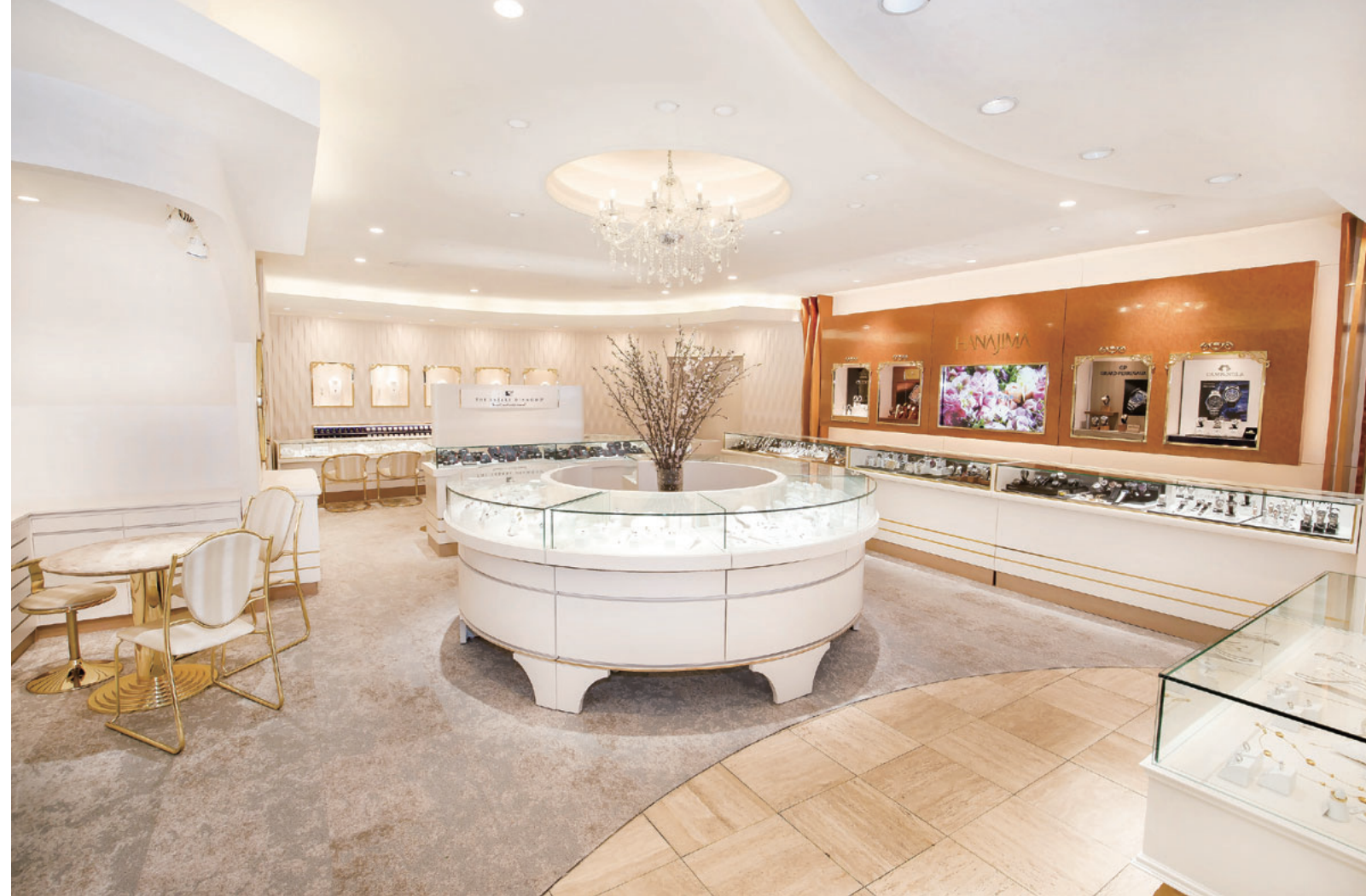
創業60周年を機に、よりラグジュアリーで優雅な店内へとリニューアル。銀座を通り越し全国各地から訪れるファンも多い
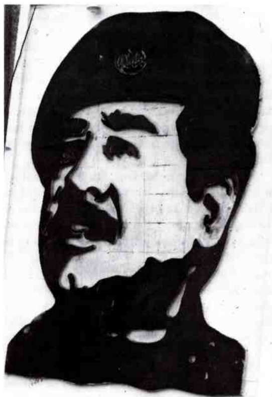
Saddam – soldaten.

80-talet). Jämlikhet mellan könen fanns inte då med på PLOs officiella dagordning. Däremot ansågs det viktigt att höja kvinnors politiska medvetenhet och aktivitetsgrad. Syftet var inte att förändra könsrelationer, utan att få kvinnor att delta i den sociala utvecklingen. 21 Även om Saddam Hussein mycket explicit talar om kvinnors frigörelse, påminner hans beskrivning tydligt om denna hållning till kvinnor. Det primära och överordnade är hela tiden någonting annat än kvinnor, vars frigörelse ständigt måste anpassas till det omgivande samhället, och genomföras utifrån andra premisser än sina egna.
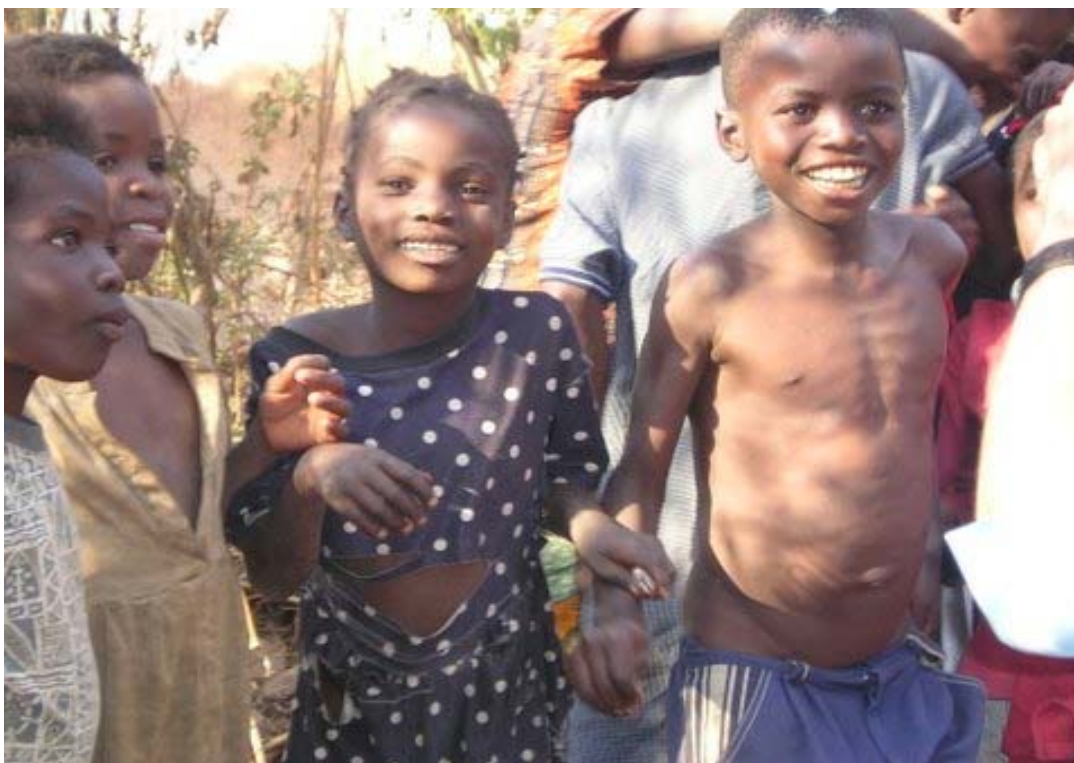
Et franciskansk out-reach program til forældreløse børn i Zambia

Vi driver skoler, hvor vi underviser unge piger og drenge. Når de har gennemgået den elementære uddannelse, søger vi at undervise dem i forskellige færdigheder, f.eks. et håndværk, så de kan starte et erhverv op, og dermed blive selvhjulpne. Vi har et trykkeri og trykker bøger og tidsskrifter, ligesom vi har flere "out-reach" programmer, hvor vi går ud og besøger sognebørnene i deres hjem. Vi søger at give dem mad, og derfor må vi tigge for mad eller penge, og så kan vi hjælpe de fattige. Nogle brødre arbejder også hårdt på at skaffe medicin, ligesom vi er involveret i landbrugsprojekter, hvor vi søger at undervise i sund landbrugsdrift, således at de kan klare sig selv. Nogle af brødrene har kontakt til regeringen og søger at øve indflydelse på denne måde. . Vi underviser i Gud, i livet. Så vor mission i Zambia dækker mange områder."
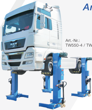
Art.-Nr.: TW550-4 / TW575-4

Die 4er-Ausführung ist jederzeit auf eine 6er-Ausführung aufrüstbar. Die Hauptsäule verfügt generell über 6 Anschlüsse.
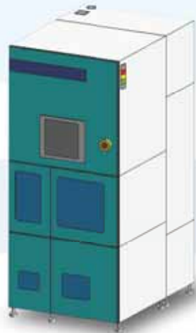
ChaMP311 2" ~ 12" ウェーハ対応 □基盤対応

少量からの Lot 生産に対応いたし ます。 同一プロセス・品質の生産対応で、 市場のニーズ対応にお役立てくだ さい。
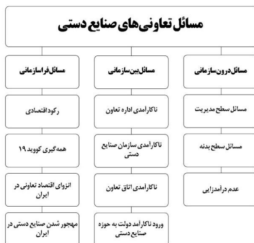
نمودار ۱: مسائل تعاونی‌های صنایع دستی

مسئله از آنجایی شروع می‌شود که تعاونی‌ها دیگر تعاونی نیستند و از انجام وظایف تعاونی ناتوان‌اند. به همین خاطر دیگر موضوعیتی ندارند، و گویا به همین دلیل خودبه‌خود تعطیل شده یا به حالت تعلیق درآمده‌اند. از جمله وظایف اصلی تعاونی‌های صنایع دستی، تأمین مواد خام و مواد اولیه موردنیاز صنعتگران و هنرمندان است که همه افراد مصاحبه‌شونده در پژوهش بر این نظر بودند که تعاونی‌ها از عهده این وظیفه برنمی‌آیند. حمایت از صنعتگران برای فروش محصولات و وظیفه دیگری است که آن‌هم از توان تعاونی‌ها خارج شده است. عدم دسترسی تعاونی‌ها به مواد اولیه صنایع دستی از یک‌سو تحت تأثیر تحریم‌ها و عدم واردات مواد اولیه و از سوی دیگر تحت تأثیر برخی ناکارآمدی‌های داخلی است. مسائلی که منجر به ناکارآمدی و حتی تعطیلی برخی تعاونی‌های صنایع دستی در اصفهان شده به سه دسته عمده تقسیم می‌شوند. این سه عبارت‌اند از مسائل درون‌سازمانی تعاونی‌ها، مسائل بین‌سازمانی (بین تعاونی‌ها و دیگر سازمان‌های مرتبط)، و مسائل فرا سازمانی که فراتر از سازمان خاص و در سطح کلان بر این روند اثرگذار هستند. در ادامه هرکدام از این دسته‌ها مورد بررسی قرار گرفته و به جزییات آن‌ها و نقل‌قول‌هایی از سوی مشارکت‌کنندگان اشاره می‌شود.
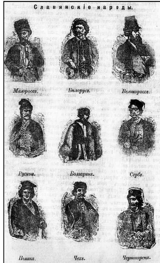
Ілюстрація до замітки "Славянские народы" (Почаевские известия, 1909, 17.03, № 714)

Показовою, на наш погляд, є звичайна ілюстрація "Славянские народы" [32] (рис. 2). На ній ми бачимо зображення представників груп слов'янських народів, але звернемо більш детальну увагу на запропонований поділ: "малороссы", "белорусы", "великороссы", "руссыны" та ін.
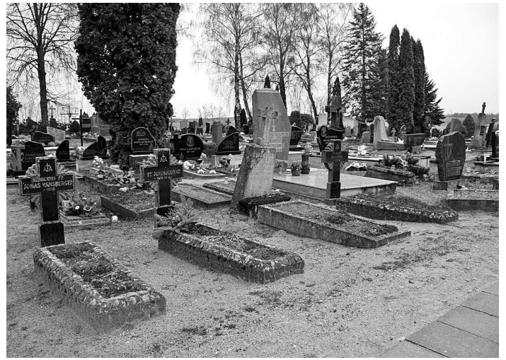
Lietuvos nepriklausomybės kovų savanorių kapai Žiezmariai kapinėse. 2014 m. V. Budvyčio nuotr.

Kovų su boļševikais ties Žasliais metu žuvo 4, sužeista 40 ir dingo be žinios 20 kareivių. Balandžio 10 d. Žiezmariuose
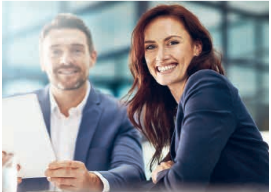
Geschäftsversicherung Profil: auf die aktuellen Bedürfnisse ausgerichtet

In Zusammenarbeit mit der CAP Rechtsschutz-Versicherungsgesellschaft AG wurde für das PROFIL eine eigene Betriebs- und Verkehrsrechtsschutz-Versicherung kreiert, die sich durch ein attraktives Preis-Leistungs-Verhältnis auszeichnet.
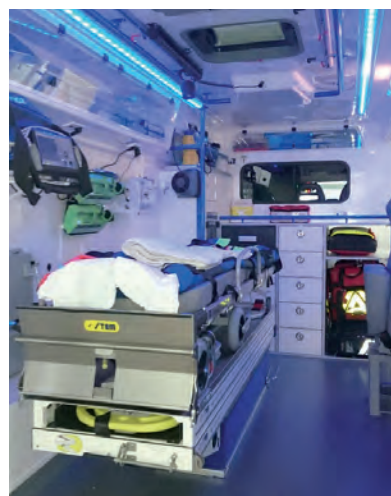
La cellule plus spacieuse est dotée des dernières technologies.

Le patient est pris en charge par une équipe composée d'une infirmière, un ambulancier et un médecin.

-=-=-

# [WHAT NEEDS TO BE DONE]
Copy out every line from the records that has the word "eine".

# [OUTPUT BELOW]
Die 4er-Ausführung ist jederzeit auf eine 6er-Ausführung aufrüstbar. Die Hauptsäule verfügt generell über 6 Anschlüsse.
In Zusammenarbeit mit der CAP Rechtsschutz-Versicherungsgesellschaft AG wurde für das PROFIL eine eigene Betriebs- und Verkehrsrechtsschutz-Versicherung kreiert, die sich durch ein attraktives Preis-Leistungs-Verhältnis auszeichnet.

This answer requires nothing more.